Frustrated crystallization of a monolayer of magnetized beads under geometrical confinement

We present a systematic experimental study of the confinement effect on the crystallization of a monolayer of magnetized beads. The particles are millimeter-scale grains interacting through the short range magnetic dipole-dipole potential induced by an external magnetic field. The grains are confined by repulsing walls and are homogeneously distributed inside the cell. A two-dimensional (2d) Brownian motion is induced by horizontal mechanical vibrations. Therefore, the balance between magnetic interaction and agitation allows investigating 2d phases through direct visualization. The effect of both confinement size and shape on the grains' organization in the low-energy state has been investigated. Concerning the confinement shape, triangular, square, pentagonal, hexagonal, heptagonal, and circular geometries have been considered.

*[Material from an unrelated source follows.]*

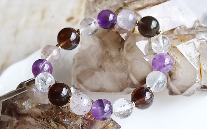 商品名:完全限定品ブレス【クリスタルフュージョンVer.2】(タンザニア産モンドクォーツエレスチャル・タンザニア産モンドクォーツエレスチャル[スモーキータイプ]・タンザニア産モンドクォーツエレスチャル[アメジストタイプ]・レムリアンシードクリスタル)
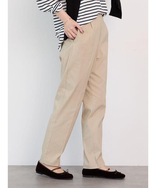 なだらかに細くなるテーパードシルエットがすっきりとした足元を演出するパンツ。生地には伸縮性があり、動きやすく快適な穿き心地を実現します。縦のラインを強調するセンタープレス入りが魅力。デイリーユースはもちろん、オフィスカジュアルにも大活躍するアイテムです。※商品画像は、撮影環境やお客様のご利用のPC・スマートフォンのモニター環境などにより実物と色味に差異がある場合がございます。【その他採寸】M ウエスト:[後ゴム仕様]64cm L ウエスト:[後ゴム仕様]66cm

The grain organization was analyzed after a slow cooling process. Through the measurement of the averaged bond order parameter for the different confinement geometries, it has been shown that cell geometry strongly affects the ordering of the system. Moreover, many kinds of defects, whose observation rate is linked to the geometry, have been observed: disclinations, dislocations, defects chain, and also more exotic defects such as a rosette. Finally, the influence of confinement size has been investigated and we point out that no finite-size effect occurs for a hexagonal cell, but the finite-size effect changes from one geometry to another.

Figure 1

Evolution of the global orientational order ${\mathrm{\Psi }}_6$ during the 200 second cooling process for $N=331$ beads. For each geometry of the cell, the points correspond to an average over three independent experiments. Typical error bars corresponding to the standard deviation are indicated.

Figure 2

Global bond order parameter ${\mathrm{\Psi }}_6$ at the end of the cooling process as a function of the number $n$ of edges of the cell. The error bars correspond to the standard deviation of ${\psi }_6$ over three independent experiments.

Figure 3

Stack of Voronoi diagrams and Delaunay triangulations for each geometry with $N=331$ beads. Beads with respectively fivefold, sixfold, and sevenfold coordination are colored in red, yellow, and green in the Voronoi diagram. Voronoi cells for beads at the boundary are not shown for clarity.

Figure 4

(Left) Rosette defects in a pentagonal confinement. (Right) Six topologically charged defects near the boundary drawing a hexagon with the same orientation as the lattice.

Figure 5

Cumulated radial distribution of defects $N_D\left(r\right)$ for the final state of the system for square, pentagonal, heptagonal, and circular geometries for $N=331$ beads. In the insert is the cumulated radial distribution of the particle number $N\left(r\right)$; the black curve corresponds to a homogeneous distribution. The distance $r$ from the center is normalized by the mean distance $a$ between two beads in the system.

Figure 6

Final value of ${\mathrm{\Psi }}_6$ for pentagonal, hexagonal. and circular geometries for $N=169$, 331, and 721 beads at constant filling fraction. The lines correspond to a linear fit.